Michael
The heat brought out a crisis of insect life in the flat - spiders crawled across blank stretches of wall, or would be revealed in cupboards, or dislodge themselves slowly from piles of paper or clothes. Heat had compromised our drone bodies - we had both been taking a lot of days off work. I started to feel young again, but with a mind and internal organs that were still soiled.
Michael came round for dinner and talked for a long time. I was sticking to my chair, and tried to drink water. Xav drank beers, smoked weed and had to be sick. He came back and sat down, and was inadvertently sick again the next time he opened his mouth.
“Whoops,” said Michael. Xav smiled politely. It was time for Michael to go.
Michael was sitting opposite me, Xav on the sofa between us, a broken wood frame with planks coming off it and a cushion balanced across. I finished my pack of cigarettes while Michael was talking. Xav had fallen asleep. I said,
“I think it’s our bed time now.”
In the night it was terribly hot. The surface of my skin was suffused with heat, and my whole body felt inhabited by it, swelling up against my boundaries. But I had to contain it. I kept flopping over, turning around and trying to find a cool bit of mattress. He kicked me punctually every time. In the morning hard light flung itself through the window - by 06:30 we were well awake. We slyly peeped and met each other’s eyes, seeing if they were open, then winked.
“Hello.”
*****
In an intensely febrile moment, I was walking down the street, trying to make it to the shops. I passed a woman wearing layers and layers of clothes, seeming indifferent though sweat was dripping off the ends of her hair. It was a public holiday, but that rang false. There isn’t public or private any more, we're much more like animals.

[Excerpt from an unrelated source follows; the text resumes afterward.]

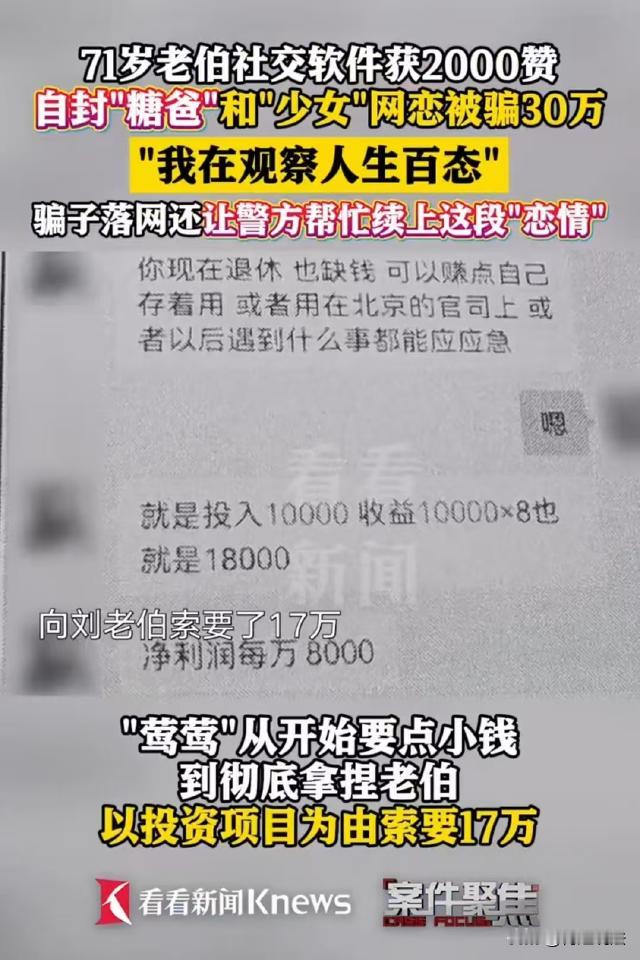 上海,71岁的刘老伯和20多岁的清纯美女网恋,还眼都不眨给小女友转17万创业,结果女友约刘老伯到公园见面时,刘老伯被其前男友劫持敲诈。事后刘老伯报了警,才得知女友就是那个劫持他的小伙子假扮的,可刘老伯不信,多次要求民警调查自己小女友的下落。检方调查得知,刘老伯多次因类似事情被骗,可刘老伯仍旧嘴硬,称:我700万的房子都留给女儿了,对得起妻女!花自己的钱干自己喜欢的事,值! 71岁的刘老伯年轻时是一名高级工程师,还兼顾某公司的顾问,手里攒下了不少积蓄。 退休后,刘老伯觉得自己辛苦了一辈子,是该享福的时候了。 于是刘老伯敲定,他名下的两套价值700万的房子留给女儿,至于退休工资,自己怎么高兴怎么花。 刘老伯常挂在嘴边的话就是:700万她们哪里花得完?我这把年纪了,对得起妻女! 于是,刘老伯自从退休后,就将全部心思放在了网络交友上,他专找年轻漂亮的姑娘聊天,将全部的精力和钱都放在了这方面。 刘老伯的账号里,加的全部都是年轻漂亮的女孩,发布的作品里,有2000多个赞,都是女孩们给他点的。 刘老伯经常向别人炫耀,还骄傲地说:我阅历丰富,现在退休了,就想过自己想过的日子,和年轻漂亮姑娘聊天,有2000多个姑娘都想和我搞对象。 2024年年初,刘老伯认识了一个年轻女孩莺莺,两人添加了联系方式。 莺莺经常给刘老伯写情诗,一开口就夸刘老伯,还经常说:您老有文化有见识。刘老伯被莺莺哄的找不着北,一高兴就给莺莺发红包转账,让她买衣服和化妆品。 对于花钱这事,刘老伯很想得开,他说:我一把年纪了,人家年轻漂亮的小姑娘愿意和我聊天,我给她花点钱怎么了。 和莺莺聊了一段时间后,莺莺说她想投资创业,刘老伯眼睛都不眨,给莺莺转了17万。 刘老伯和莺莺见面了,莺莺戴着眼镜,长相清纯漂亮,刘老伯心花怒放,和莺莺聊了两个小时的天,还花1580元请莺莺喝酒,就连旁边的服务生,都得了380元的小费。 2024年11月,莺莺约刘老伯在公园见面,刘老伯赴约后,一个自称莺莺前男友的小伙用雨伞套着一把刀,指着刘老伯让他转钱。 刘老伯吓得摔了一跤,乖乖给小伙转了钱。 可小伙不罢休,又将他劫持到了宾馆,让他找女儿继续要钱。好在刘老伯的女儿看出这是个骗局没给钱,最后小伙不得已将刘老伯放了。 刘老伯回家后报了警,小伙郑某被抓获。 原来,郑某是酒吧的酒保,见识到很多有钱男人为美女一掷千金,便冒充女孩搞诈骗。 至于那个和刘老伯见面的女孩,是郑某找驻唱歌手假扮的,那个服务员就是郑某自己。 案发后,郑某因敲诈勒索罪获刑6年3个月,可是刘老伯却不信,非要检方帮他找小女友“莺莺”。 更离谱的是,工作人员了解到,刘老伯因为这种事已经被骗多次了,可工作人员劝刘老伯,他还嘴硬说:我这是花自己的钱干自己喜欢的事,值! 那么,本案从法律角度应该如何认定? 1、刘老伯和年轻女孩聊天,还经常给她们发红包转账,刘老伯是否如他所说,自己的钱想怎么花就怎么花呢? 从法律层面来看,刘老伯有权处置自己的财产。 《民法典》第二百四十条规定,所有权人对自己的不动产或者动产,依法享有占有、使用、收益和处分的权利。 刘老伯的财产属于他的合法财产,他将退休工资按照自己的意愿支配,也是在行使对个人财产的使用和处分权利。 但是,值得注意的是,刘老伯还有妻子,他未经妻子同意,将大额财产转给外面的小女友,侵害了妻子的合法权益。 《民法典》第一千零六十二条指出,夫妻在婚姻关系存续期间所得的财产,一般属于夫妻共同财产,夫妻对共同财产有平等的处理权。 刘老伯的退休工资属于夫妻共同财产,刘老伯在未与妻子协商取得一致意见的情况下擅自将钱转给她人,损害了妻子的利益。 但如果刘老伯花钱是为了满足家庭日常生活需要,依据《民法典》相关司法解释,这种情况下实施的民事法律行为是有效的,不构成对妻子利益的损害。 2、郑某冒充年轻女子莺莺和刘老伯网恋的行为应该如何认定? 郑某编造莺莺的假身份与刘老伯进行网络交友,并通过写情诗、夸赞等方式获取刘老伯的信任,骗取刘老伯17万用于所谓的创业投资,这种行为符合诈骗罪的构成要件。 根据《刑法》第二百六十六条规定,诈骗公私财物,数额较大的,处三年以下有期徒刑、拘役或者管制,并处或者单处罚金;数额巨大或者有其他严重情节的,处三年以上十年以下有期徒刑,并处罚金。 郑某以非法占有为目的,虚构事实、隐瞒真相,使刘老伯产生错误认识并处分财产,其行为构成诈骗罪,且诈骗金额17万属于数额巨大。 2024年11月,郑某以莺莺前男友的身份,用雨伞套着刀威胁刘老伯转钱,并将其劫持到宾馆继续索要钱财,这种行为构成敲诈勒索罪。 最终,郑某因敲诈勒索罪和诈骗罪两罪获刑6年3个月,并处罚金9万元。 来源:看看新闻

I’d met up with the two of them in the park. I said,
“I’m sorry if I hurt your feelings.”
“That’s alright,” he said. “It didn’t become you, but that’s alright.”
“Do you think it doesn’t matter?”
“I don’t know. I guess I thought I could do what I like.”
“So you liked it.”
“I don’t know.”
“You don’t care about me at all, do you?”
Michael said,
“The thing is, maybe you think that I could be anyone’s. But the issue is more that I could be anyone. You don’t even know me.”
I wasn’t really sure of the point of this meeting.
Michael said,
“You don’t get me.” I looked at the two of them. “And maybe this time you don’t get anyone.”
“I just didn’t think it was that important.”
He said,
“Sometimes I can be a bit cruel myself.”
But I was going to the shop to get cans. Three armoured police vehicles stationed along the way. They’d opened the road where they’d shut the road where the police had killed a man by restraining him a week or two before. Black and yellow police tape had come down; by then the flowers were well dead. The sun set its foot on the back of my neck and trod down.
*****
We woke up again and as we lay in bed it got darker, as if day was an option that hadn’t been taken up. The side of his face that I leaned my head against was in shadow. His eye was a round pool like a rabbit’s eye, with one square of reflected shine on it. The room appeared in abstract shapes: two pillars of grey around white, one dark narrowing bar. I closed my eyes, saw grey and my headrush ached.
Clouds with jagged but blurred dark ridges premised sheer patches of cloud molten with light. Against this turbulent sky an equally disturbed landscape pressing obtrusively upwards crowded itself with diverse metallic shapes. We walked along by the river, all dressed in brown and grey. I could see it as a venn diagram of sky (grey), river (brown) and buildings (brown and grey).
We’d picked Michael up at London Bridge; he was waiting for us when we came through the barriers at Tooley Street.
He said,
“It’s not that I want to say these terrible things. I just don’t know who else I can talk to.”
“At least you told the truth.”
“It’s a relief that it’s not as hot now.”
“I’d like to say I was grateful for it, but I wasn’t.”
“You can’t live like that, in a constant state of exposure.”
“But it’ll come back.”
The sun represents cruelty and ego, and this hostility to life will go on till we lose our islands to a swollen, salty, arid sea.